Incentivising US content in imports to reduce tariff burden

A group of US industry associations – including those representing apparel and footwear brands, retailers and importers – is calling for an update to a programme that provides duty reductions for goods made with US content.

A group of US industry associations – including those representing apparel and footwear brands, retailers and importers – is calling for an update to a programme that provides duty reductions for goods made with US content.

They are seeking an expansion to the so-called 9802 provision that would allow US origin textiles and leather, in addition to US components, to be deducted from the dutiable value of a finished product when it is imported into the United States.

Under current US law, the value of US origin components used to manufacture a product can be deducted from the imported merchandise before assessing duty. But narrow definitions by the US Customs Service officials on what constitutes a “component” under the 9802 programme mean that US exports further processed abroad before being assembled into a product – such as US fabric or leather hides – are excluded.

This means significant US value that is included in articles made abroad is charged the full US tariff when imported.
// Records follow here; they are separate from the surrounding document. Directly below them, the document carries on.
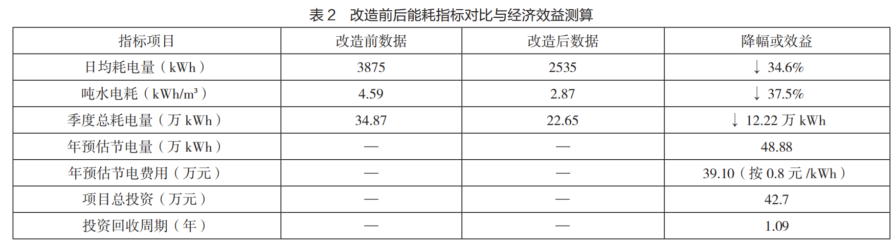 改造后,系统平均每日用电量减少约 1340 千瓦时,总体降幅达到 34.6%,吨水单位能耗下降超过 37%,节能效果显著且稳定。季度节电量超过 12 万千瓦时,按照年均运行周期估算,年节电能力近 50 万千瓦时,折算年节电收益近40 万元。项目总投资控制在 43 万元以内,包括设备采购、系统改造与控制软件配置等各项支出。依据实际运行收益估算,项目投资回收周期约为 1.09 年,体现出良好的经济合理性与实施价值。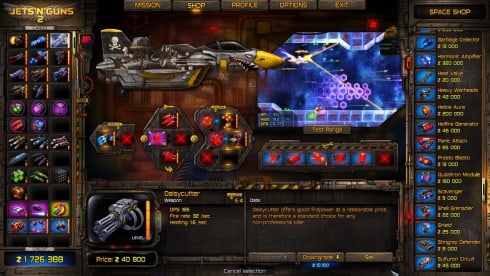 Все, что необходимо делать по ходу прохождения игры Движки-и-Пушки – это стрелять в бесконечные орды противника в каждом уровне. За победу в эпизоде добываются очки и деньги, которые можно потратить на улучшение корабля – это основная механика и именно от нее строится геймплей. Постепенно прокачивая судно, можно разместить на нем огромное количество стволов разного калибра. Но нужно быть внимательным, ведь они перегреваются, а потому бесконечно палить во все стороны не выйдет. Также стоит позаботиться о покупке оборудования, вроде энергетических щитов, системы охлаждения, двигателей, брони и крыльев.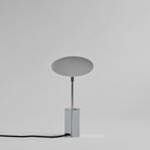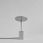 Above, a circular metal reflector is supported by a slender vertical rod, connected with a flexible joint that allows for intuitive light adjustment. Angle the reflector downward to create a cozy, intimate atmosphere, or rotate it upward to illuminate surrounding objects or architectural features.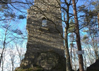 Von Hiltpoltstein aus halten wir uns östlich und wandern nach Wildenfels, einem Ortsteil der Gemeinde Simmelsdorf. Oberhalb des kleinen Orts finden sich die Ruinen der Burg Wildenfels. 2013-14 wurde die Ruine komplett saniert. Von der Burg sind noch Mauerreste des Palas, des Bergfriedes, von weiteren Gebäuden und der Umfassungsmauern vorhanden.
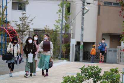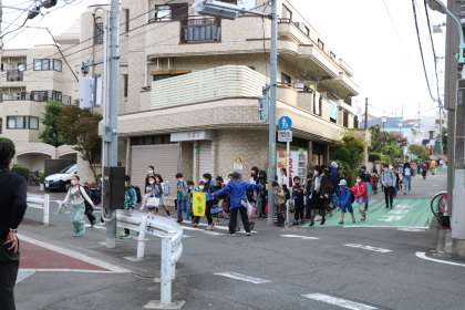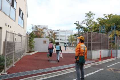道幅いっぱいに広がらないで歩くよう、声をかけていただいています。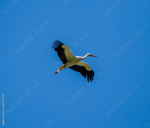 © Tobias, Naklejka premium White stork (Ciconia ciconia) flying with spread wings with a tree and the blue sky in the background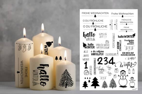Von klassischen „Frohe Weihnachten“ sowie „O du Fröhliche“ Schriftzügen, lustigen „Frostbeulen Modus aktiviert“ über selbst illustrierte Schneemänner und Igel bis hin zu „Kuschelalarm“, Zahlen „1,2,3,4“ und „hallo Winter“: Die Tattoos zum Selbermachen werden Kerzen sicherlich mit einer besonderen Portion Winter- und Weihnachtsflair aufhübschen und dir in deinem Zuhause oder den Beschenkten viel Freude machen und Licht spenden…wenn auch nur Momente (:

As an example “US Customs and Border Protection (CBP) has interpreted yarns and fabrics as not being “components” and therefore are not eligible for current provisions for duty exemption,” the groups say in a letter sent to the leadership of the Senate Finance Committee and House Ways and Means Committee.

“At the same time, CBP does consider US sewing thread and US narrow elastic fabric (which are yarns and fabrics, respectively) to be US components and therefore eligible for deduction.”
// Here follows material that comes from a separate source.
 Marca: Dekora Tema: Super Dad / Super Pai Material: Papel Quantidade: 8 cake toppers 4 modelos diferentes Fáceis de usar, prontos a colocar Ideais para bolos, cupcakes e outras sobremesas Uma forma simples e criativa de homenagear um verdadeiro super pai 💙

What this means for a pair of jeans assembled offshore using US sewing thread and containing US yarns is that the value of the sewing thread can be deducted because it is considered a “component” by US Customs when it is assembled into the garment. But the yarn cannot because it must first be woven into fabric, then cut and sewn into the finished garment.

According to organisations including the American Apparel & Footwear Association (AAFA), the Footwear Distributors and Retailers of America (FDRA), and the United States Fashion Industry Association (USFIA): “This practice acts as a significant disincentive for the use of US textiles and leather in articles made abroad, undermining the opportunities for US exports of those materials and the jobs associated with those exports.

“Knowing there is no duty reduction benefit for the use of US materials results in foreign producers using less expensive foreign substitutes,” they add.

“Congressional action is needed now. Not only would swift action incentivise the use of US exported materials, but it would also undo a status quo that is largely inconsistent.”

The groups claim US law already envisions such an approach. “For example, Harmonized Tariff Schedule (HTS) 9802.00.60 already allows importers to deduct the cost of US metal materials, even if those materials were further processed abroad, from the value of the imported article. The proposal we are advancing would build on the 9802.00.60 provision to provide similar exemptions for US exports of textiles and leather.

“Such a programme would firmly root US inputs into the global production supply chains by signaling that US content – whether that content comes in the form of a recognised stand-alone component or is otherwise incorporated into a finished article – is exempt from applicable duty.”

Other organisations supporting the change include the National Retail Federation (NRF), the United States Hide, Skin and Leather Association (USHSLA), the Retail Industry Leaders Association (RILA), and the Leather Industries of America (LIA).

They say the benefits would include the creation of US jobs and the promotion of exports of US materials on a global basis – without the need to engage in tit-for-tat tariff wars.